Maruderzy Premier League jeszcze liczą, że wiatr zmieni kierunek i zamiast pchać ich w kierunku Championship, pokieruje za czerwoną kreskę. Na miejsce jednej z trzech najgorszych drużyn wskoczy Cardiff City. Jednak Walijczycy miejsce w historii zapewnili sobie jednak już przed awansem.
Drużyna z południowej Walii jest pierwszym przykładem, a na pewno pierwszym tak głośnym, rebrandingu w piłce nożnej. Wiadomo, że praktyki biznesowe znajdują małą akceptację w świecie sportu. Zmiana barw, nazwy, wytworzenie wizerunku – to nie są pojęcia dobrze kojarzone piłkarskim sympatykom. Mimo to malezyjski właściciel klubu, Vincent Tan, uznał, że jego pomysły na rozwój Cardiff powinien opakować ważnymi w interesach detalami.

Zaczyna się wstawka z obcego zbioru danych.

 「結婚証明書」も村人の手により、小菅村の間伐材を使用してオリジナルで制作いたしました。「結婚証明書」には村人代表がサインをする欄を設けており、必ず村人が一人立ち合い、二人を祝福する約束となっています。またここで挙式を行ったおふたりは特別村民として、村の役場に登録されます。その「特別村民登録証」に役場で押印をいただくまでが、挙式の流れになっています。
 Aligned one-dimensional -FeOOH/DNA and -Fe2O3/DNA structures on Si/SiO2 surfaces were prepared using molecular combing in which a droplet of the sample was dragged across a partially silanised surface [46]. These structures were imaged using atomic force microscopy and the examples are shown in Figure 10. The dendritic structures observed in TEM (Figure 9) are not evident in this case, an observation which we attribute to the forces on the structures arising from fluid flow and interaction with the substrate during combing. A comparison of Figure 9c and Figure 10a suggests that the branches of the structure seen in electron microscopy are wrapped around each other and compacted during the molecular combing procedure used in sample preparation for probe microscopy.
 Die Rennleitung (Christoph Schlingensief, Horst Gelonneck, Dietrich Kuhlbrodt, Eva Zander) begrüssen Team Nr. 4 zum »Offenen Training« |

Kiedy Malezyjczycy przejmowali klub w 2010 roku w kasie zastali rachunki do zapłacenia na kwotę ponad 83 milionów funtów. To prezent zostawiony przez poprzednich gospodarzy. Klubowi groził nadzór finansowy. Nowy właściciel zapewnił, że pokryje długi, a dodatkowo wybuduje obiekty treningowe, postara się rozbudować stadion i zapewnił, że nie będzie szczędził na transferach. Tan wpadł jeszcze na jeden pomysł, który miał dopełnić całości jego inwestycji. Chciał zmienić klubowe barwy, a nawet, pojawiły się takie głosy, nazwę klubu. Od obecnego sezonu piłkarze występują w czerwonych trykotach zamiast niebieskich. Na herbie zamiast lecącego ptaka, pojawił się smok. „Bluebirds” stali się „Dragons”. Właściciel tłumaczy, że kolor czerwony symbolizuje w chińskiej kulturze radość i zwycięstwo, natomiast niebieski kojarzy się z rozpaczą. Co więcej, smok ma nawiązywać do narodowych barw.

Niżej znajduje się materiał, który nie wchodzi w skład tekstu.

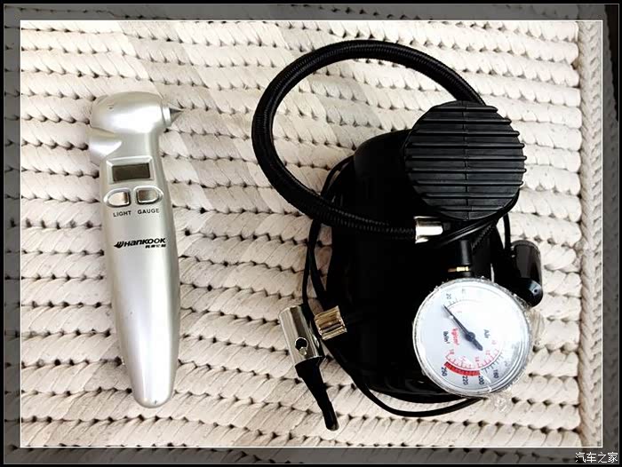 下面进行轮胎的胎压检测,这是使用的工具(都是赠品)

Sytuacje podchwyciły tabloidy. „Daily Mail” uspokajał kibiców, że właściciele nie bez problemów będą mogli zmienić nazwę ich klubu. W 2008 roku założono drużynę Cardiff Dragons FC. Zespół złożony jest z… homoseksualistów, a jego celem jest uprawianie sportu wolnego od homofobii.
Kibicom pomysł ze zmianą barw nie przypadł do gustu, ale radość po meczu z Charltonem udowadnia, że za cenę gry w Premier League warto było zaprzedać duszę diabłu.
Z czym do elity?
Trener Malky Mackay otrzyma ok. 25 milionów funtów na wzmocnienia. Jednak już teraz w kadrze Walijczyków jest kilku piłkarzy, którzy zaznaczą swoją obecności na zawodniczej karuzeli.

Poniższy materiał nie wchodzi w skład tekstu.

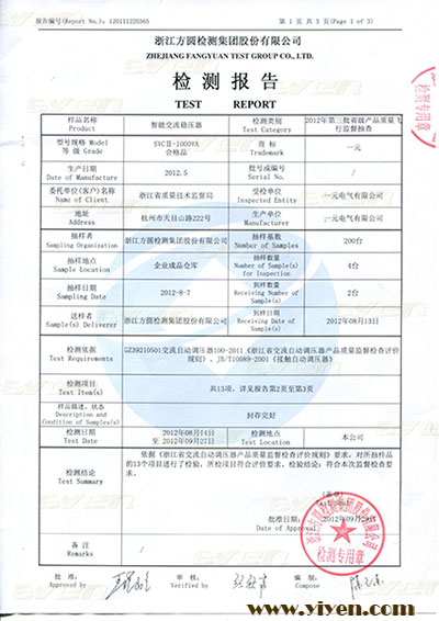 智能穩壓器方圓檢測合格報告

Najbardziej znanym zawodnikiem jest Craig Bellamy. Zwariowany Walijczyk niedawno wyznał, że korzysta z pomocy psychologa, który ma mu przywrócić radość z kopania piłki. Ciekawe, czy po awansie do Premier League ktokolwiek będzie go przekonywał, że wykonuje najfajniejszą robotę na świecie?
Warto zwrócić jeszcze uwagę na Kim Bo-Kyunga. Koreańczyk zdążył już zdobyć brąz na igrzyskach w Londynie, a przed przyjściem do Cardiff odrzucił oferty z Celticu i Borussii Dortmund. Ciekawe postacie to też bramkarz David Marshall. Aż 18 razy zachowywał czyste konto, co jest rekordem Championship. W Premier League na pewno będzie chciał się pokazać Frazier Cambell. Jest on wychowankiem akademii Manchesteru United, ale w angielskiej ekstraklasie zagrał póki co krótkie epizody.
Cardiff trzy lata z rzędu grało w play-offfach, ale za każdym razem przeżywało gorycz porażki. Tym razem „Bluebirds” mogą już ze spokojem doczekać do końca rozgrywek. Złośliwi powiedzą, że mogą już przygotowywać się do wejścia smoka w Premier League.